Look below for the line with "2018级校友邓雪洁代表新毕" and the line with "2月21日上午,人文与管理学". Copy exactly those two lines and every line between, but not the pictures.

## Source material
____
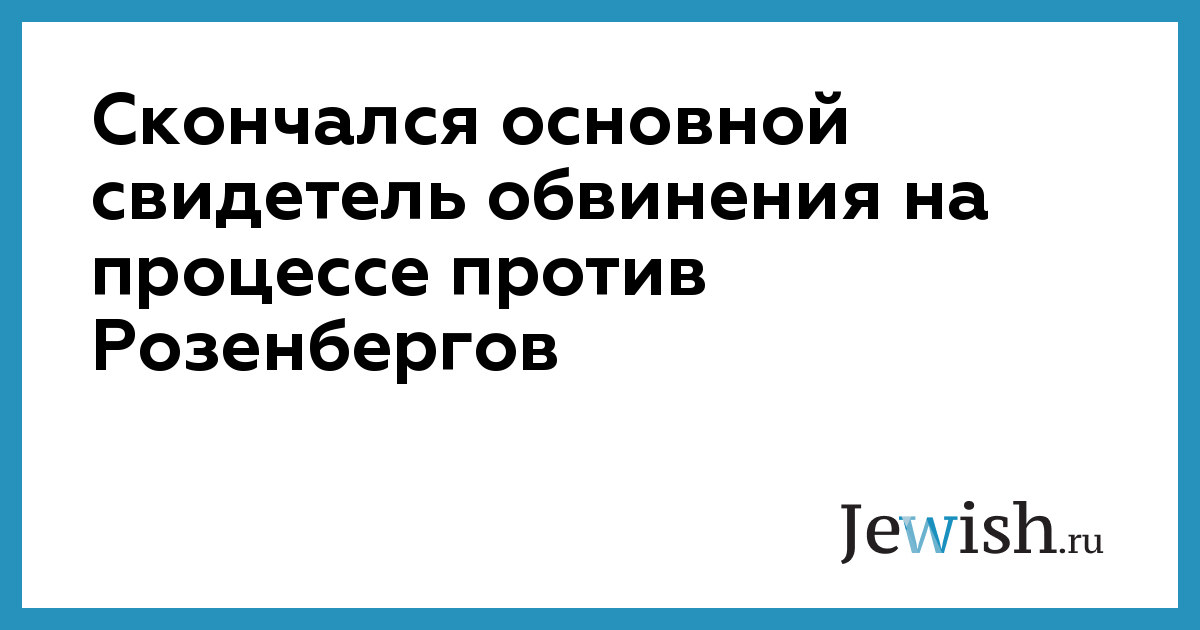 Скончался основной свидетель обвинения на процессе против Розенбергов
____
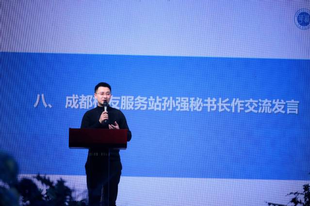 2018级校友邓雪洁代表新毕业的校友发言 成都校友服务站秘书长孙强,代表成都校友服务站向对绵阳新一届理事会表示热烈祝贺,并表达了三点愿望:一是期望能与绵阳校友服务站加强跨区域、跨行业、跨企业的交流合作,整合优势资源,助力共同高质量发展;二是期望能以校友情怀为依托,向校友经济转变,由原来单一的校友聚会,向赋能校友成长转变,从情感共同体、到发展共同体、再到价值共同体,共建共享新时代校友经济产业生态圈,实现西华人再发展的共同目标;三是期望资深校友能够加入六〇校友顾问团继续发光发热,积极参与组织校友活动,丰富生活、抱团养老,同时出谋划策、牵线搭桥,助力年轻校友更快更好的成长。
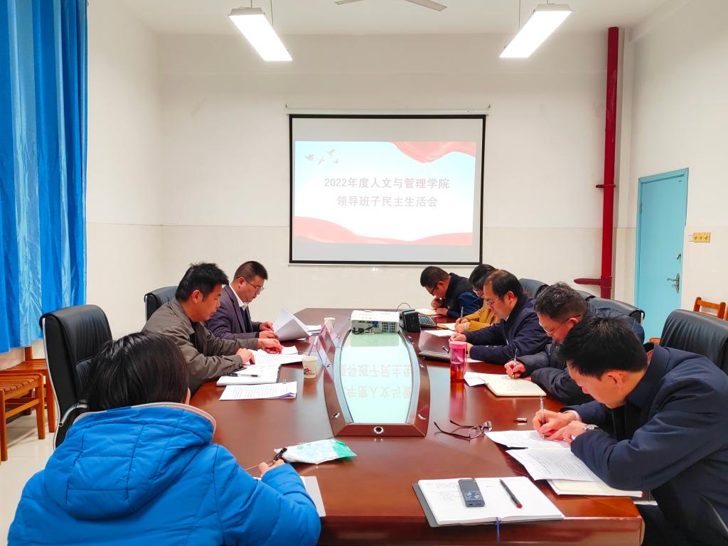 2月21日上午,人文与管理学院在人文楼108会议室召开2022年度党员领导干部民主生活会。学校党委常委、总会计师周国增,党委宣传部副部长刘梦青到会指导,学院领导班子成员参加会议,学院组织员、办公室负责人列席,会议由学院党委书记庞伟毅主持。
____
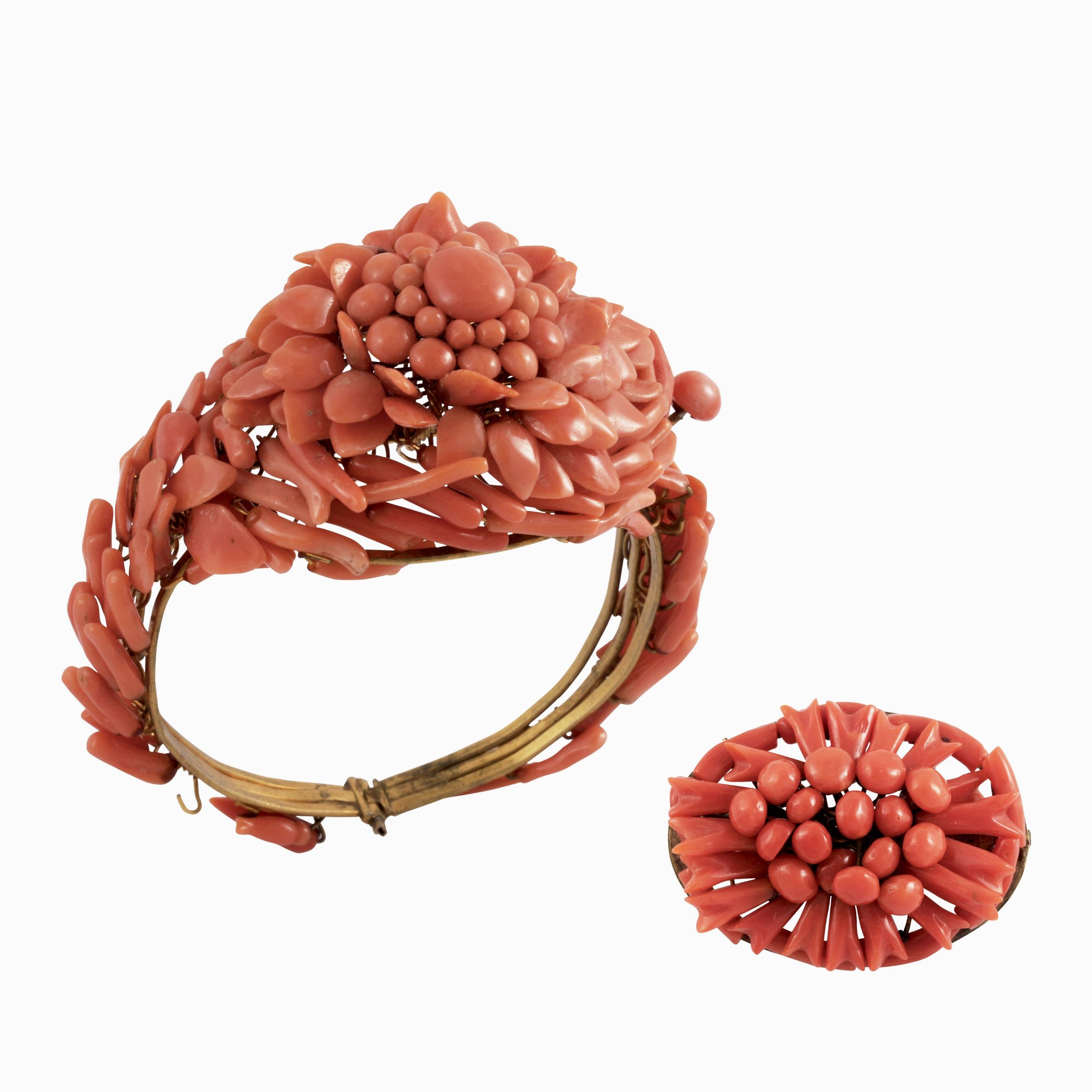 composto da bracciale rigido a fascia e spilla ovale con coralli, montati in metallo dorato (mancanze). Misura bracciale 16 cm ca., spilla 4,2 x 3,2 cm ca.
____
## Reply to the exercise
 2018级校友邓雪洁代表新毕业的校友发言 成都校友服务站秘书长孙强,代表成都校友服务站向对绵阳新一届理事会表示热烈祝贺,并表达了三点愿望:一是期望能与绵阳校友服务站加强跨区域、跨行业、跨企业的交流合作,整合优势资源,助力共同高质量发展;二是期望能以校友情怀为依托,向校友经济转变,由原来单一的校友聚会,向赋能校友成长转变,从情感共同体、到发展共同体、再到价值共同体,共建共享新时代校友经济产业生态圈,实现西华人再发展的共同目标;三是期望资深校友能够加入六〇校友顾问团继续发光发热,积极参与组织校友活动,丰富生活、抱团养老,同时出谋划策、牵线搭桥,助力年轻校友更快更好的成长。
 2月21日上午,人文与管理学院在人文楼108会议室召开2022年度党员领导干部民主生活会。学校党委常委、总会计师周国增,党委宣传部副部长刘梦青到会指导,学院领导班子成员参加会议,学院组织员、办公室负责人列席,会议由学院党委书记庞伟毅主持。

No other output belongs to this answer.